Bhat Chitralekha, Strik Helmer
Centre for Language and Speech Technology (CLST), Radboud University Nijmegen, The Netherlands.
Centre for Language and Speech Technology (CLST), Radboud University Nijmegen, The Netherlands; Centre for Language Studies (CLS), Radboud University Nijmegen, The Netherlands; Donders Institute for Brain, Cognition and Behaviour, Radboud University Nijmegen, The Netherlands.
Comput Biol Med. 2025 May;189:109954. doi: 10.1016/j.compbiomed.2025.109954. Epub 2025 Mar 13.

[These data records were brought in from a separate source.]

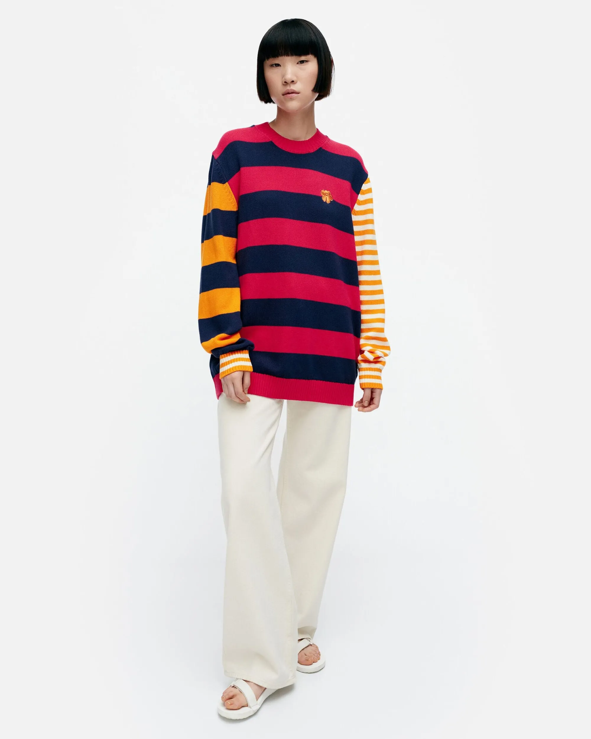 Kesäkoju-Neulepaita On Valmistettu Luomupuuvillasta Ja Siinä On Miesten Mitoitus. Neulepaidassa On Maalis-Kuosia Sekä Patja-Kuosia Ja Siihen On Brodeerattu Pieni Unikko-Kukka Etupuolelle. Pyöreässä Pääntiessä On Tuplaresori Ja Hihansuissa Sekä Helmassa On Leveät Resorit.
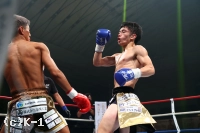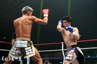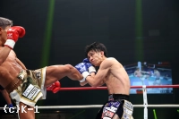 2R、黒田のストレートを注意し、壬生狼は右手のガードを上げて前進していく。右ミドルを当ててさらに詰める壬生狼だが、黒田は身を低くして組みついてくる。
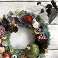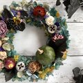 グリーンのカボチャとパープルのソーラーローズに黒のワイルドベリーをあしらった大人っぽい雰囲気のハロウィンリースです。
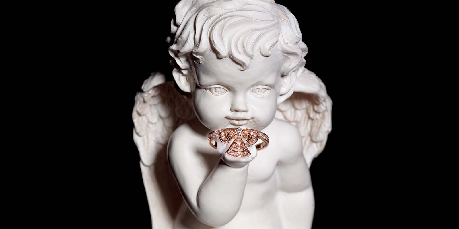 Engelsgleiche Verzierungen auf einem Ring aus 585er Rotgold mit 32 pinken Diamanten
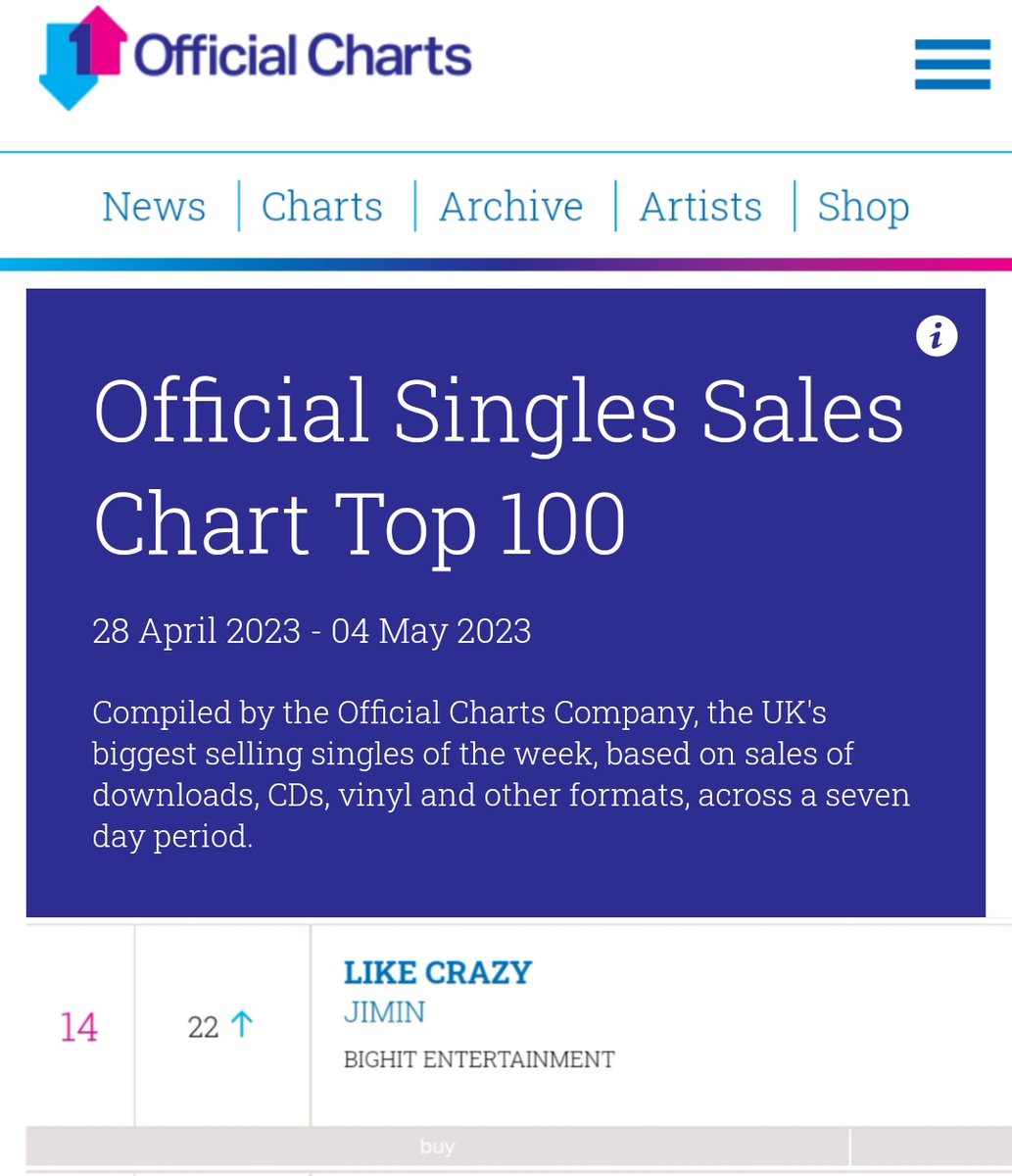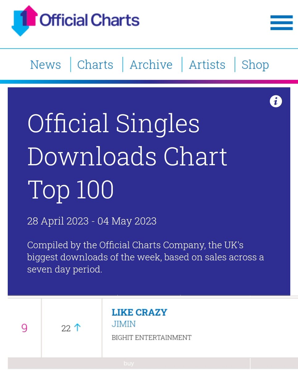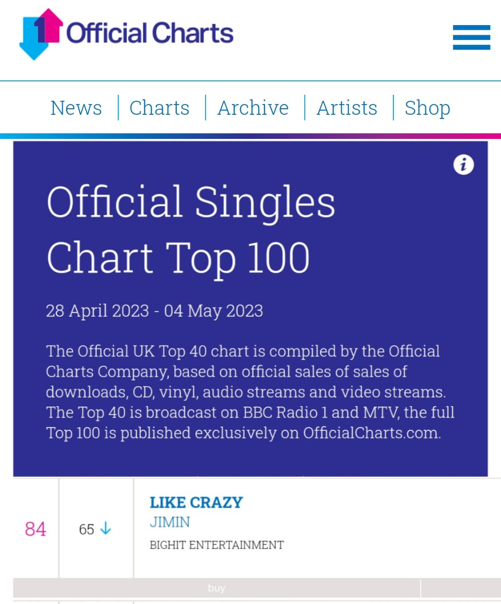 지민의 #LikeCrazy 가 이번주 영국 Official Singles Chart에서 84위에 랭킹되면서 5주 연속 차트인 이어가고 있습니다.

Machine learning (ML) and Deep Neural Networks (DNN) have greatly aided the problem of Automatic Speech Recognition (ASR). However, accurate ASR for dysarthric speech remains a serious challenge. The dearth of usable data remains a problem in applying ML and DNN techniques for dysarthric speech recognition. In the current research, we address this challenge using a novel two-stage data augmentation scheme, a combination of static and dynamic data augmentation techniques, designed by leveraging an understanding of the characteristics of dysarthric speech. We explore speaker-independent ASR using modifications to healthy speech using various perturbations, devoicing of consonants, and voice conversion, comprising stage one or static augmentations. Subsequent to the first stage, a modified SpecAugment algorithm tailored for dysarthric speech is employed. This variant, termed Dysarthric SpecAugment, leverages the characteristics of dysarthric speech and forms the second stage of the two-stage augmentation approach. This acoustic model is used to pre-train a speaker-dependent ASR using dysarthric speech. The objective of this work is to improve the ASR performance for dysarthric speech using the two-stage data augmentation scheme. An end-to-end ASR using a Transformer acoustic model is used to evaluate the data augmentation scheme on speech from the UA dysarthric speech corpus. We achieve an absolute improvement of 10.7% and a relative improvement of 29.2% in word error rate (WER) over a baseline with no augmentation, with a final WER of 25.9% for the speaker-dependent system.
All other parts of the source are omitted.